> **Assigned task**
From the entries below, retype only the lines from the one with "في صباحٍ كان" through the one with "由上图不难得出,虽然武器分为", exactly as written.

:: Listed records

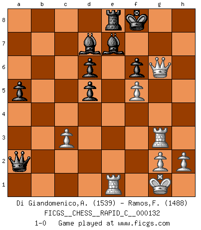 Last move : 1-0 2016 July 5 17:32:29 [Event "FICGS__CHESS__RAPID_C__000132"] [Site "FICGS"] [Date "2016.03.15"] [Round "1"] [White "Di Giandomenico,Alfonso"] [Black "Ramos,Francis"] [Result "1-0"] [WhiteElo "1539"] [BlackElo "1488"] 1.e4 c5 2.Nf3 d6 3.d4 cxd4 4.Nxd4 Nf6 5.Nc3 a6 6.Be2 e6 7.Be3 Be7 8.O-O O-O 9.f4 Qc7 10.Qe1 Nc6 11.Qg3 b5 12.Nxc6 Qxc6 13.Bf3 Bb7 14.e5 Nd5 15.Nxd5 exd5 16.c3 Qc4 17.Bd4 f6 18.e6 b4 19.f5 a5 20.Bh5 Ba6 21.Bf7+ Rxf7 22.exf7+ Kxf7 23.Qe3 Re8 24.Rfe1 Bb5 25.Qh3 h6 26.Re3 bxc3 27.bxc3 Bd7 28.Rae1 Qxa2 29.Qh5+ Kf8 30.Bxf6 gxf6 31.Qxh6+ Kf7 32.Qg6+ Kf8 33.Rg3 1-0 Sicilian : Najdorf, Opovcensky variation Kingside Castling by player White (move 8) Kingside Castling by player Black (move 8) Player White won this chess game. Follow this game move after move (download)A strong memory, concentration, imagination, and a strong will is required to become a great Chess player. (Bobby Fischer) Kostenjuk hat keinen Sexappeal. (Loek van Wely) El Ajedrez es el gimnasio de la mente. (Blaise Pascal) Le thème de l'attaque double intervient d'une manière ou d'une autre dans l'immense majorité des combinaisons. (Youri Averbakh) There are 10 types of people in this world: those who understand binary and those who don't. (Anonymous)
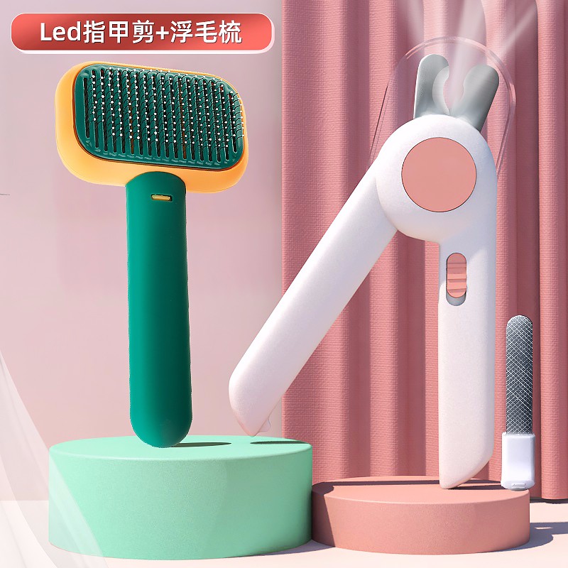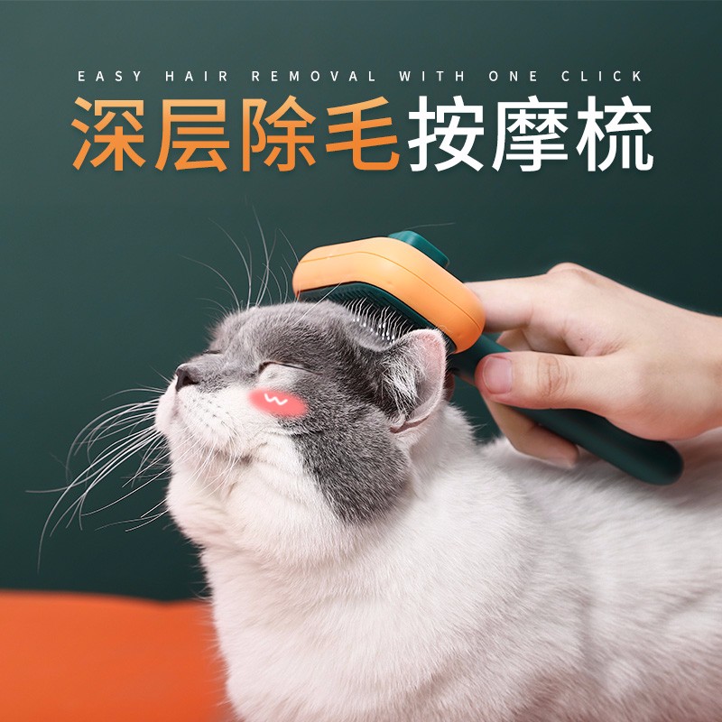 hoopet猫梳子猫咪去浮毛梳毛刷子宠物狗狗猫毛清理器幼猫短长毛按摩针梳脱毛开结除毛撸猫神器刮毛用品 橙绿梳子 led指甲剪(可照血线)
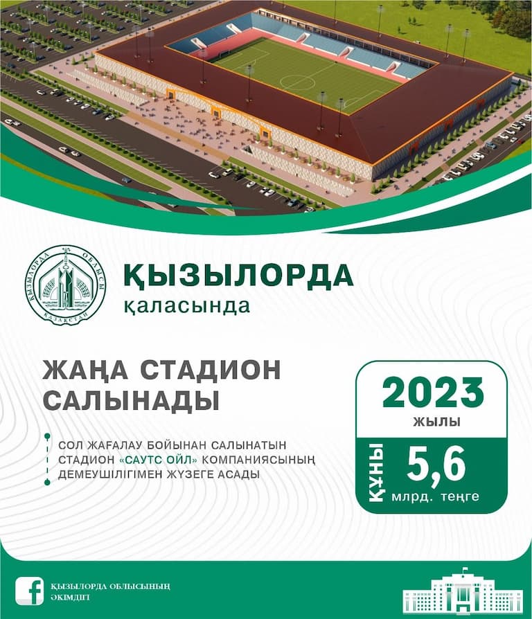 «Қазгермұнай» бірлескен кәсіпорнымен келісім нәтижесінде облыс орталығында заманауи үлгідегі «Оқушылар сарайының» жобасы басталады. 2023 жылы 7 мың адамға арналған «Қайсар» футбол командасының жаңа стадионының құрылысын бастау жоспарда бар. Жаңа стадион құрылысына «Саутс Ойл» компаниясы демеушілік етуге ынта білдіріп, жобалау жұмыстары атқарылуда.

::::
:: Listed records

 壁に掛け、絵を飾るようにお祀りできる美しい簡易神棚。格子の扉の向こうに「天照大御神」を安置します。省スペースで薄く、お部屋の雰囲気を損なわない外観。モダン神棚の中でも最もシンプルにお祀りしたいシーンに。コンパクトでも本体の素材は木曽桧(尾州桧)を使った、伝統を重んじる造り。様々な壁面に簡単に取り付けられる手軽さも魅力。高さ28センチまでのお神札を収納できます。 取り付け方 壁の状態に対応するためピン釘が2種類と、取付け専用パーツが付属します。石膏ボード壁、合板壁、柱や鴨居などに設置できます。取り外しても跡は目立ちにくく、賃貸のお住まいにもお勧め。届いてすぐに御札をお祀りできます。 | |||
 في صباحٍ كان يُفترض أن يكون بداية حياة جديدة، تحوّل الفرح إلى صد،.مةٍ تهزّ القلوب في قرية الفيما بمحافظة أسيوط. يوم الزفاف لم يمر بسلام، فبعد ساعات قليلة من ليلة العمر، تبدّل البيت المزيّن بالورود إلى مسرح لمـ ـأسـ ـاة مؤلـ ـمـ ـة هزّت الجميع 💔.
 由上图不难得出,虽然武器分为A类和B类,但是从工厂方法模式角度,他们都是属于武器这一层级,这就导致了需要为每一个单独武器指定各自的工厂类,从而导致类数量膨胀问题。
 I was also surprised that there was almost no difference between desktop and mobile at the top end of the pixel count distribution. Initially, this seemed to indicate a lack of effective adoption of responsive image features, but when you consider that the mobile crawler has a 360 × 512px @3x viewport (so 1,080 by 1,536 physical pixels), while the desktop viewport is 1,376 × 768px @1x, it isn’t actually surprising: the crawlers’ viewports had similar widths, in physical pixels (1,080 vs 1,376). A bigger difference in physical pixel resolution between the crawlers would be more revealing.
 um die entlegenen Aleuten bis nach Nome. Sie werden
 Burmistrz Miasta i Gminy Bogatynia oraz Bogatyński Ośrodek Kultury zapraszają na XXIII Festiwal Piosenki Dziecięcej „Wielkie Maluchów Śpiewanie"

::::
:: Listed records

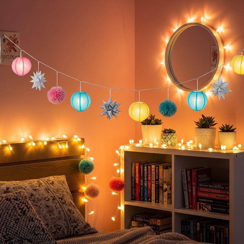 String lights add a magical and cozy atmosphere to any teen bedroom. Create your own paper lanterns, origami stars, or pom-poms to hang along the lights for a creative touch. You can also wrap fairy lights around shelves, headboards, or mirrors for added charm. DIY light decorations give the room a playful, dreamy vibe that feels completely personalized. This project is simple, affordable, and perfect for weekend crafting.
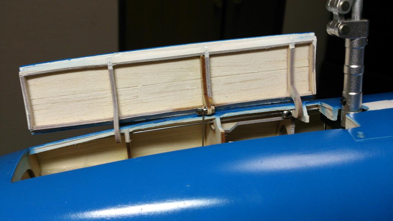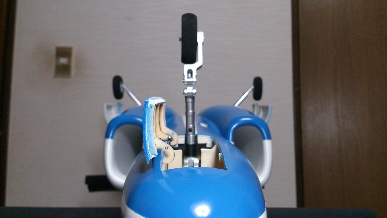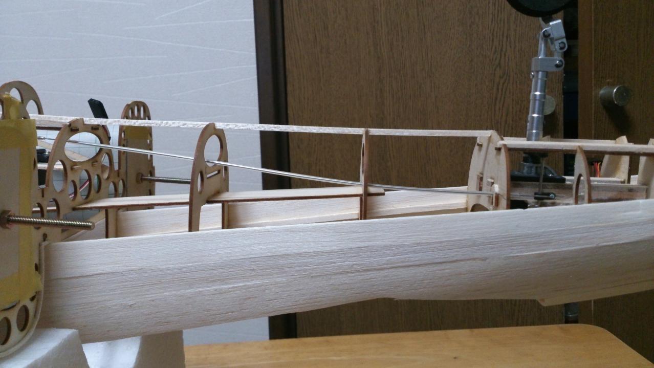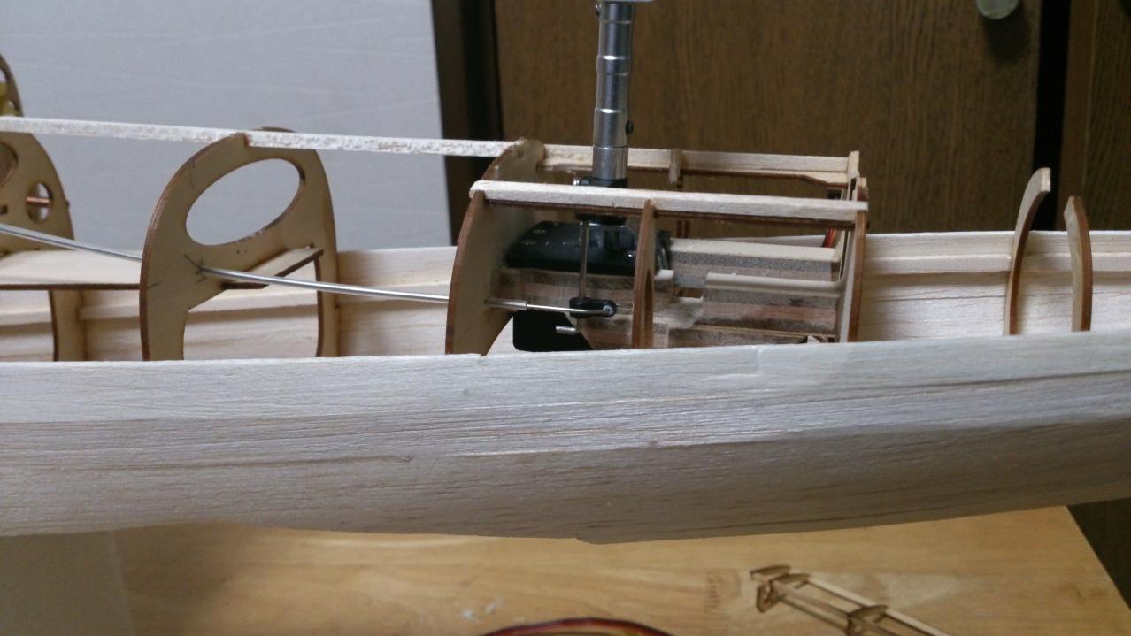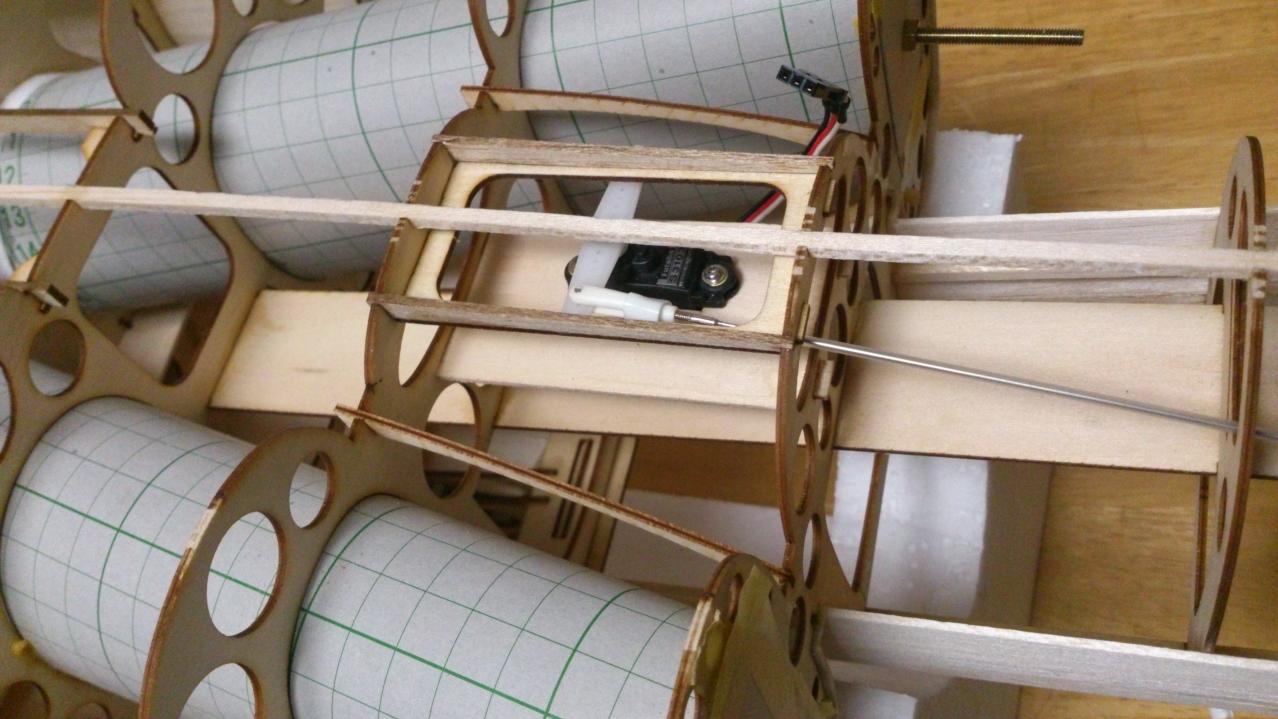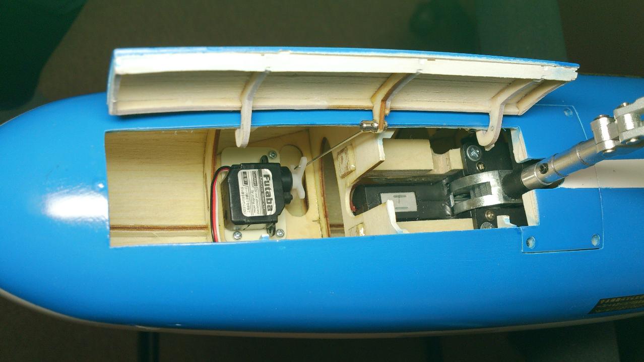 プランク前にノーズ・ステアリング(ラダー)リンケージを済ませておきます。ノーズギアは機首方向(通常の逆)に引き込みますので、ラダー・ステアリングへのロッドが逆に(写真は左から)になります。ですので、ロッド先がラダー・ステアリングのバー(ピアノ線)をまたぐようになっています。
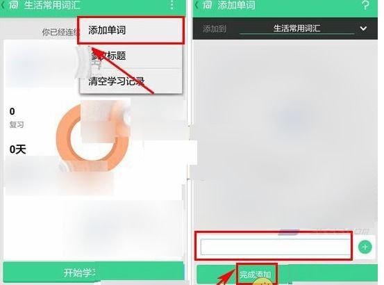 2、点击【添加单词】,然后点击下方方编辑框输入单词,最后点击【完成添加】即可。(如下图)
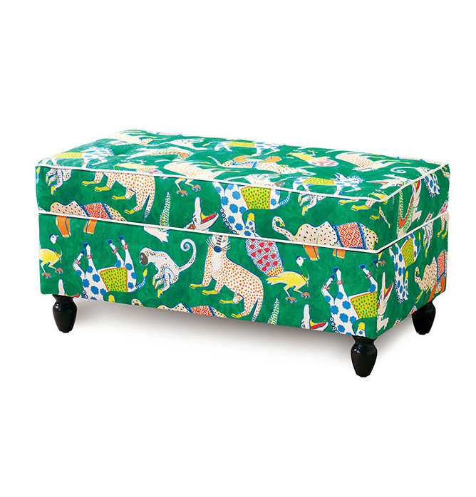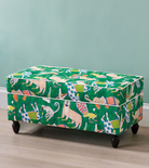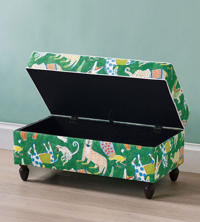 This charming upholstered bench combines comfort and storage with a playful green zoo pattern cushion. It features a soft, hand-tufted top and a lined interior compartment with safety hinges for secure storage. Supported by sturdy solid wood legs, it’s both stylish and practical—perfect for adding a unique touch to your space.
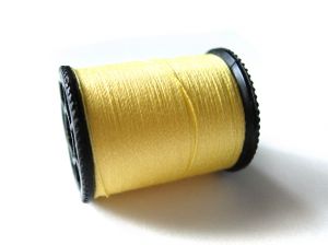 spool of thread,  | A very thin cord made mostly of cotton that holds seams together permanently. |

::::

> **Exercise solution**
 في صباحٍ كان يُفترض أن يكون بداية حياة جديدة، تحوّل الفرح إلى صد،.مةٍ تهزّ القلوب في قرية الفيما بمحافظة أسيوط. يوم الزفاف لم يمر بسلام، فبعد ساعات قليلة من ليلة العمر، تبدّل البيت المزيّن بالورود إلى مسرح لمـ ـأسـ ـاة مؤلـ ـمـ ـة هزّت الجميع 💔.
 由上图不难得出,虽然武器分为A类和B类,但是从工厂方法模式角度,他们都是属于武器这一层级,这就导致了需要为每一个单独武器指定各自的工厂类,从而导致类数量膨胀问题。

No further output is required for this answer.